Technical information
- Licensing authority: FCC
- Facility ID: 36944
- Class: B
- Power: 5,000 watts day; 1,000 watts night;
- Transmitter coordinates: 35°16′57.59″N 77°39′7.9″W﻿ / ﻿35.2826639°N 77.652194°W

Links
- Public license information: Public file; LMS;
- Webcast: Listen live
- Website: betonthebull.com

= WRNS (AM) =

WRNS (960 kHz) was an AM radio station broadcasting a sports gambling format featuring programming from VSiN Radio, as well as an affiliate for Carolina Panthers NFL football. Licensed to Kinston, North Carolina, United States, the station was owned by Dick Broadcasting, through licensee Dick Broadcasting Company, Inc. of Tennessee. It operated from 1937 to 2025.

==History==
WRNS was a simulcast of country music sister station WRNS-FM until April 2017, when it launched a sports radio format as "960 The Bull". The station featured CBS Sports Radio programming, supplemented by Down East Wood Ducks baseball and Carolina Panthers football.

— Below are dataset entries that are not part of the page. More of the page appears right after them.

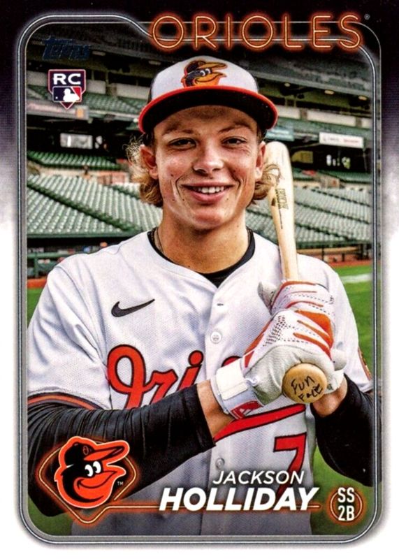 The Jackson Holliday 2024 Topps #697 Fun Face Variation Rookie card in Raw condition has moved down -$50.00 (-16.7%) in the last 30 days and was last sold for $250.00 .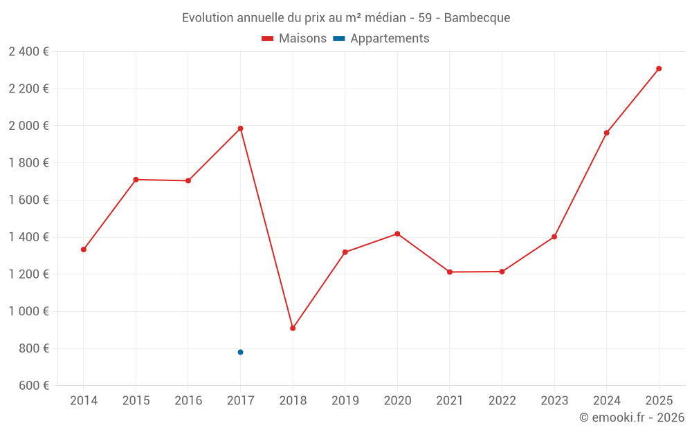Le prix médian sur les 20 transactions de maisons des 24 derniers mois dans la commune de Bambecque était de 1 768 € par mètre carré pour une valeur foncière médiane de 193 425 €. Sur cette période 60% des transactions se sont situées entre 1 214 et 2 317 € par mètre carré (du 2ème au 8ème déciles).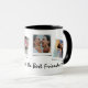 Tasse adorable avec 4 photos de votre choix et le texte 'Les sœurs sont les meilleures amies' avec deux petits cœurs noirs.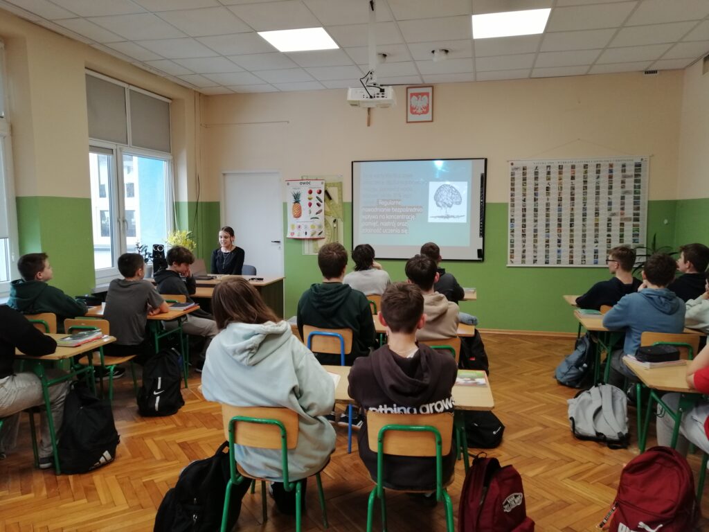 Uczniowie klas pierwszych uczestniczyli również w zajęciach profilaktycznych z pedagogiem na temat odporności fizycznej i psychicznej. Podczas spotkania omówiono zasady dbania o zdrowie oraz sposoby radzenia sobie z trudnościami.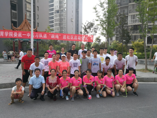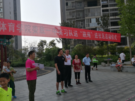 2017年9月17日上午9:00,体育学院娄底一中实习队携手南风苑小区业委会和体育人文教研室组织开展送“跳绳”进社区活动。体育学院院长刘玉江教授、副院长曾黎教授,南风苑业主委员会主任金乐教授、副主任曾志峰、娄底一中带队老师王金稳出席启动仪式,本次启动仪式由王金稳老师亲自主持。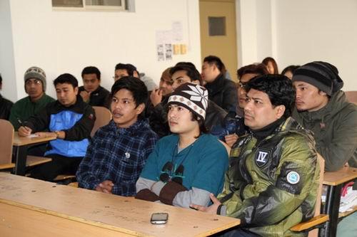 成健向留学生们通报了新情况, 欧美av 已获得政府奖学金招生资格,意味着留学生的招生规模将大幅提高。会上还向留学生们介绍了负责学生管理和教学管理的樊国平老师,樊国平表示该院将逐步完善留学生管理和教学体制,如请销假制度和约见制度等。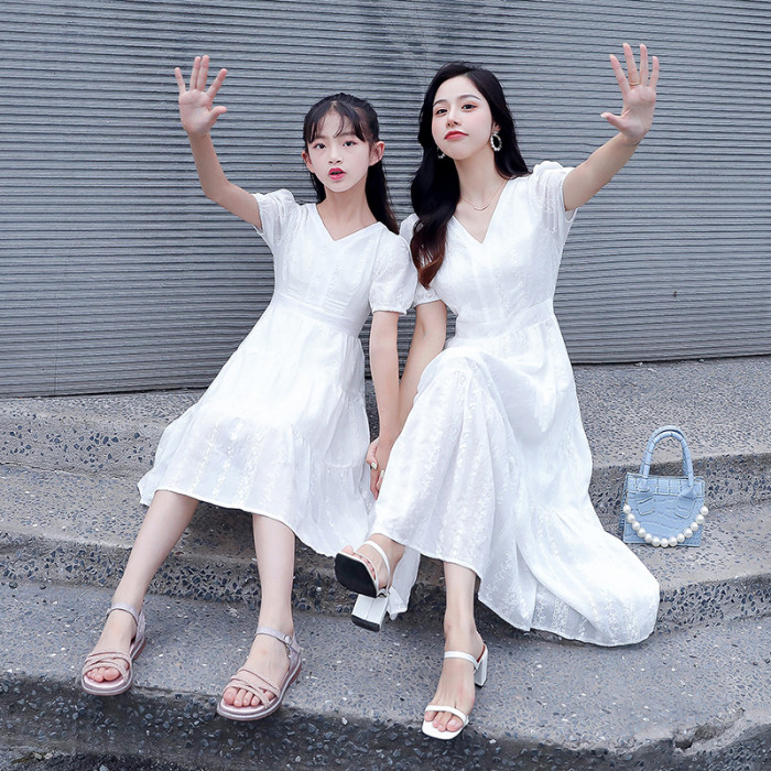 網紅親子裝2025新款潮夏裝母女裝棉布連衣裙時尚韓版洋氣白色裙子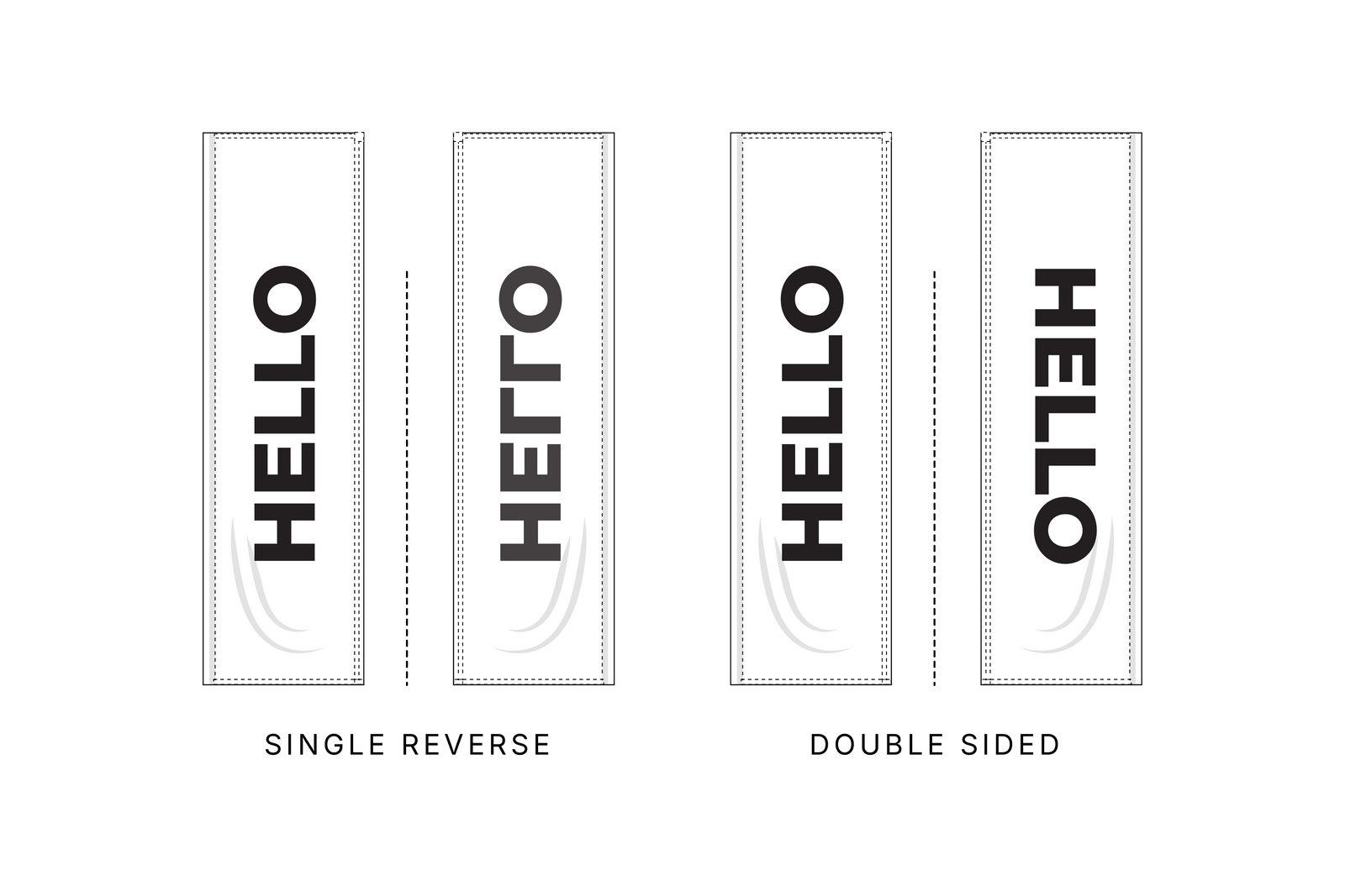 The print option you choose will determine how your design looks on the back side of your custom feather banner (the front will look the same with either selection). You can't go wrong with either option, though each option has times where it might be the preferred choice. Read below to learn more about our single reverse and double sided print options.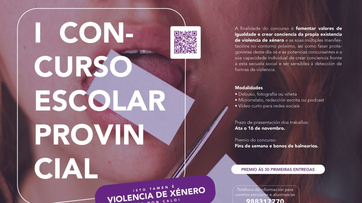 A Deputación de Ourense abre o prazo para participar no I Concurso Provincial contra a Violencia de Xénero, dirixido a centros educativos de educación infantil, primaria, secundaria obrigatoria, bacharelato e formación profesional de grao medio. A convocatoria deste certame vén motivada pola celebración, o próximo 25 de novembro, do Día Internacional contra a Violencia de Xénero.
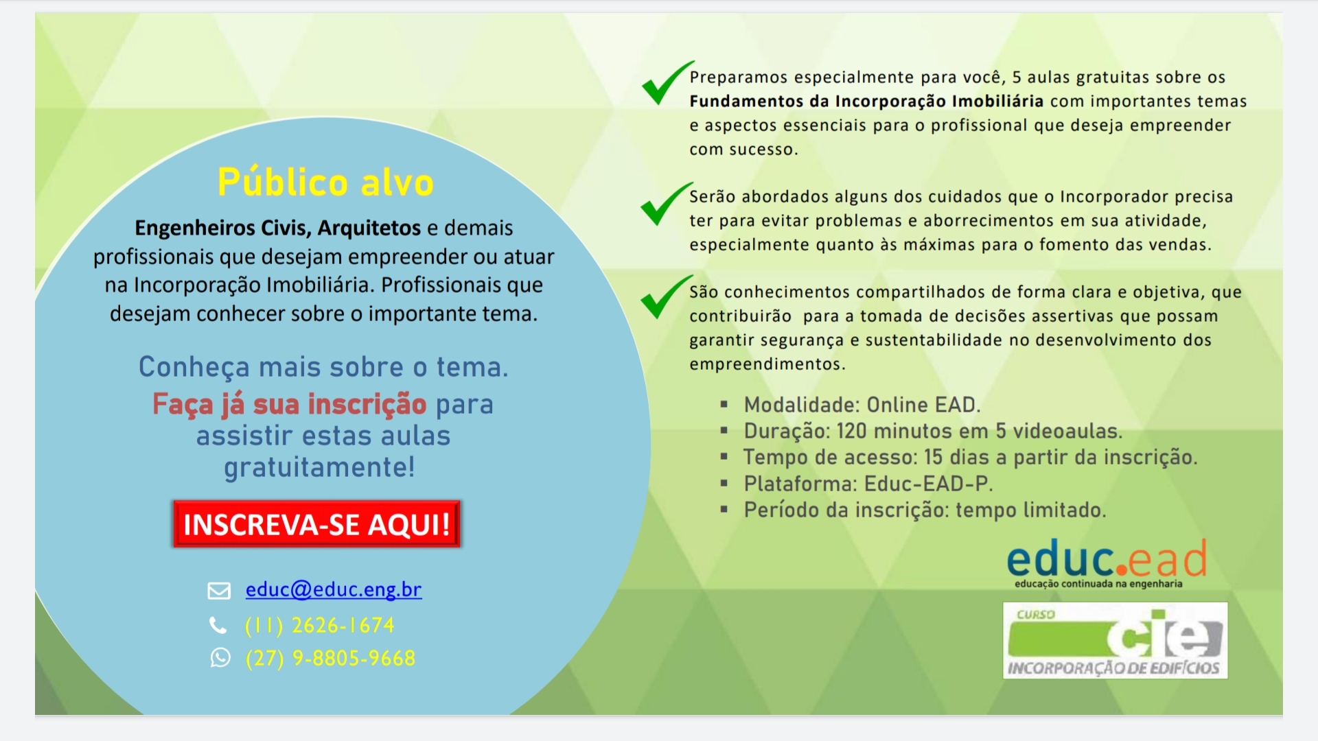 Minicurso Gratuito: Incorporação Imobiliária – Online via EAD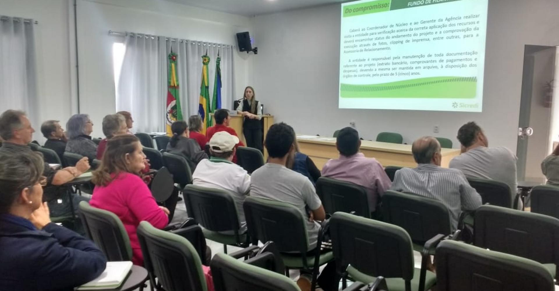 De acordo com a gerente, a reunião prévia realizada no início do mês teve por objetivo discutir junto com as entidades a canalização do recurso para um único projeto. “Como somos um município pequeno, nosso valor não é muito expressivo. Também nos cercamos de parcerias para construir algo realmente significativo para a comunidade. Nessa reunião, todas entidades que possuem alguma ideia lançam para o grupo, indiferente se ele contempla a sua entidade ou não. No ano passado tivemos apenas o pedido do auditório, em concordância de todos”, destacou.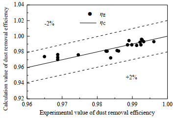 图 14 除尘效率实验值与拟合数据对比图 Fig.14 Comparison of experimental and fitting data of dust removal efficiency |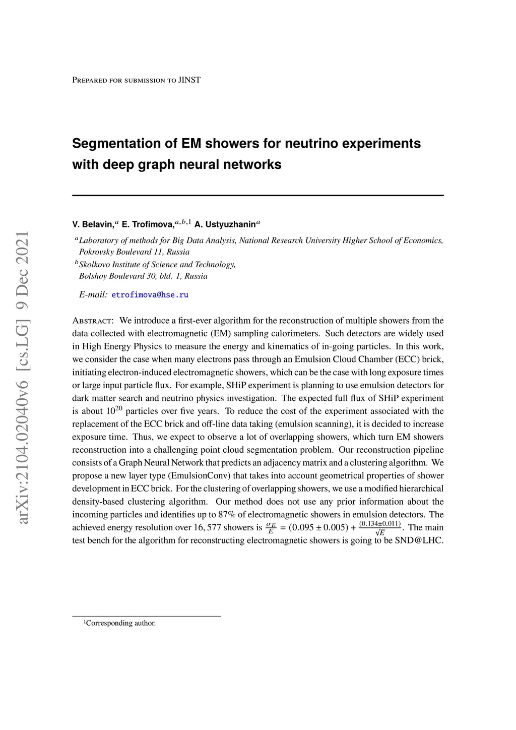 We introduce a first-ever algorithm for the reconstruction of multiple showers from the data collected with electromagnetic (EM) sampling calorimeters. Such detectors are widely used in High Energy Physics to measure the energy and kinematics of in-going particles. In this work, we consider the case when many electrons pass through an Emulsion Cloud Chamber (ECC) brick, initiating electron-induced electromagnetic showers, which can be the case with long exposure times or large input particle flux. For example, SHiP experiment is planning to use emulsion detectors for dark matter search and neutrino physics investigation. The expected full flux of SHiP experiment is about 10^20 particles over five years. To reduce the cost of the experiment associated with the replacement of the ECC brick and off-line data taking (emulsion scanning), it is decided to increase exposure time. Thus, we expect to observe a lot of overlapping showers, which turn EM showers reconstruction into a challenging point cloud segmentation problem. Our reconstruction pipeline consists of a Graph Neural Network that predicts an adjacency matrix and a clustering algorithm. We propose a new layer type (EmulsionConv) that takes into account geometrical properties of shower development in ECC brick. For the clustering of overlapping showers, we use a modified hierarchical density-based clustering algorithm. Our method does not use any prior information about the incoming particles and identifies up to 87% of electromagnetic showers in emulsion detectors. The main test bench for the algorithm for reconstructing electromagnetic showers is going to be SND@LHC.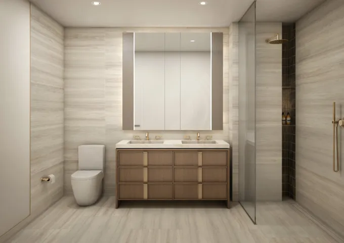 A private vestibule leads to the primary suite, a tranquil retreat with walk-in closet and en-suite bath featuring a custom White Oak dual vanity with integrated lighting, quartzite countertops, Brizo Luxe Gold fixtures, radiant heated floors, and glass-enclosed rain shower. A secondary bedroom and full bath, along with a versatile den or home office, complete the considered layout.

In September 2017, Dick Broadcasting announced the purchase of Alpha Media stations in three markets — 18 stations and two translators in total, at a purchase price of $19.5 million. The acquisition of WRNS by Dick Broadcasting was consummated on December 20, 2017.

On August 21, 2023, WRNS relaunched the sports format with an emphasis on sports gambling, rebranding as "Bet on The Bull" and featuring programming from the VSiN sports betting network.

On May 8, 2025, Dick Broadcasting announced that it would close WRNS on May 30. In its announcement, the company said "the AM station no longer aligns with our long-term vision for audience engagement and how community members consume audio content". The Federal Communications Commission cancelled the station's license on May 26, 2026, at Dick Broadcasting's request.